Pictures should be left out when the listing below is repeated word for word.

=== Data excerpt ===
-.-.-

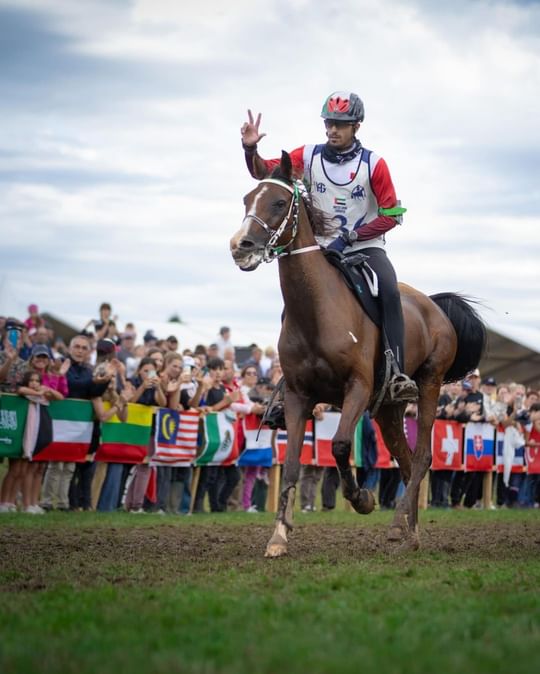 الفارس الشيخ ناصر بن حمد آل خليفة قائد الفريق الملكي البحريني حافظ على لقب المونديال بعد إحرازه المركز الأول على صهوة الجواد «أفيريست لا ماجوري» مسجلاً زمناً قدره 8.32.00 ساعة، لينال ذهبية منافسات الفردي للمرة الثانية على التوالي بعد نيله لقب النسخة الماضية في قرية بوذيب بالإمارات 2023.
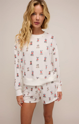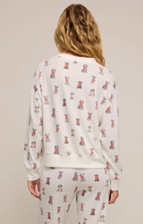 Celebrate your love for pups with this relaxed crew neck top, featuring an adorable allover dog print on brushed sweater knit fabric. Soft, cozy, and packed with personality, it’s the ultimate way to add a playful touch to your lounge lineup.
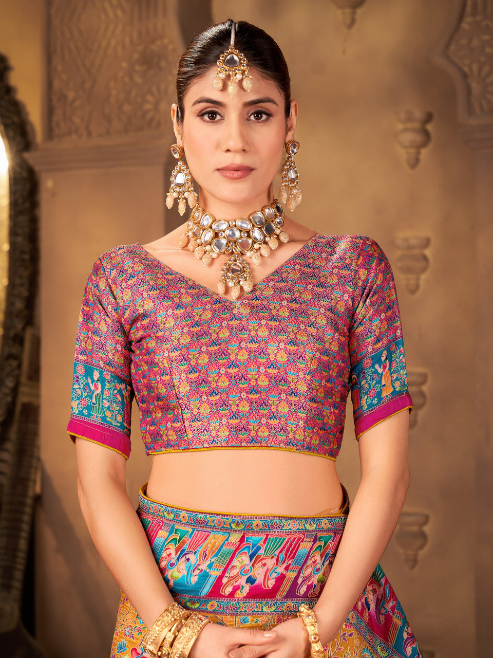 Step into timeless elegance with our Luxurious Dola Silk Saree with Positional Print, a perfect fusion of heritage craftsmanship. Woven from high-quality Dola silk, this saree offers a smooth, lightweight, and graceful drape, making it comfortable to wear while exuding an opulent charm. The intricate Madhubani-inspired motifs tell stories of tradition, culture, and folklore, giving this saree a unique artistic appeal. Every motif is meticulously designed to bring life to the fabric, showcasing skilled craftsmanship passed down through generations. The rich zari work adds a touch of royalty, making it a perfect choice for weddings, festive occasions, and cultural celebrations. A stunning feature of this saree is its multicolor palette, blending vibrant hues that suit all skin tones and add a lively charm to your ensemble. The pallu is adorned with elegant thread tassels, adding playful movement and a hint of modernity to the traditional design. This versatile saree comes with a matching unstitched blouse piece, giving you the freedom to customize the style according to your preferences. Whether you’re attending a wedding, celebrating a festival, or looking for a statement piece for special occasions, this saree will make you stand out with grace and sophistication. Pair it with statement jewelry and a chic hairstyle to complete your look.
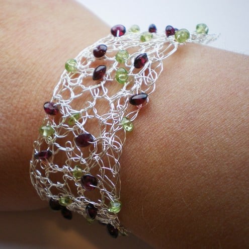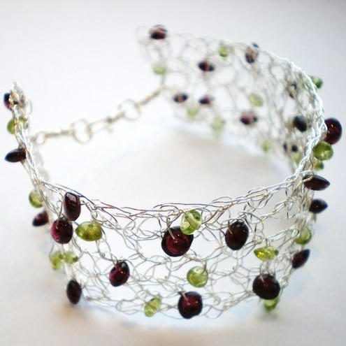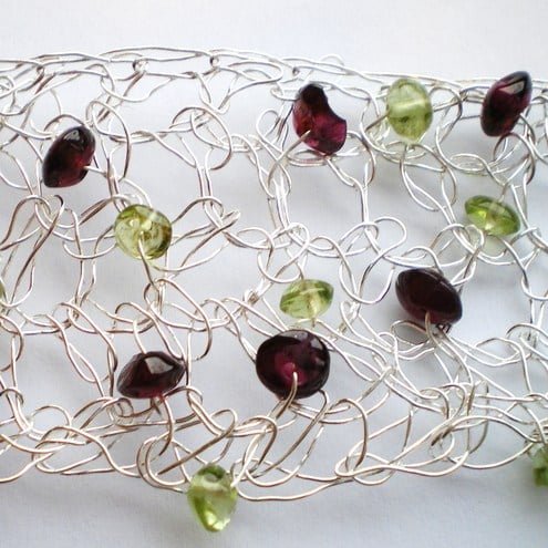 I have decorated this beautiful bracelet garnet and peridot pebbles.

-.-.-

=== Answer for this exercise ===
 الفارس الشيخ ناصر بن حمد آل خليفة قائد الفريق الملكي البحريني حافظ على لقب المونديال بعد إحرازه المركز الأول على صهوة الجواد «أفيريست لا ماجوري» مسجلاً زمناً قدره 8.32.00 ساعة، لينال ذهبية منافسات الفردي للمرة الثانية على التوالي بعد نيله لقب النسخة الماضية في قرية بوذيب بالإمارات 2023.
 Celebrate your love for pups with this relaxed crew neck top, featuring an adorable allover dog print on brushed sweater knit fabric. Soft, cozy, and packed with personality, it’s the ultimate way to add a playful touch to your lounge lineup.
 Step into timeless elegance with our Luxurious Dola Silk Saree with Positional Print, a perfect fusion of heritage craftsmanship. Woven from high-quality Dola silk, this saree offers a smooth, lightweight, and graceful drape, making it comfortable to wear while exuding an opulent charm. The intricate Madhubani-inspired motifs tell stories of tradition, culture, and folklore, giving this saree a unique artistic appeal. Every motif is meticulously designed to bring life to the fabric, showcasing skilled craftsmanship passed down through generations. The rich zari work adds a touch of royalty, making it a perfect choice for weddings, festive occasions, and cultural celebrations. A stunning feature of this saree is its multicolor palette, blending vibrant hues that suit all skin tones and add a lively charm to your ensemble. The pallu is adorned with elegant thread tassels, adding playful movement and a hint of modernity to the traditional design. This versatile saree comes with a matching unstitched blouse piece, giving you the freedom to customize the style according to your preferences. Whether you’re attending a wedding, celebrating a festival, or looking for a statement piece for special occasions, this saree will make you stand out with grace and sophistication. Pair it with statement jewelry and a chic hairstyle to complete your look.
 I have decorated this beautiful bracelet garnet and peridot pebbles.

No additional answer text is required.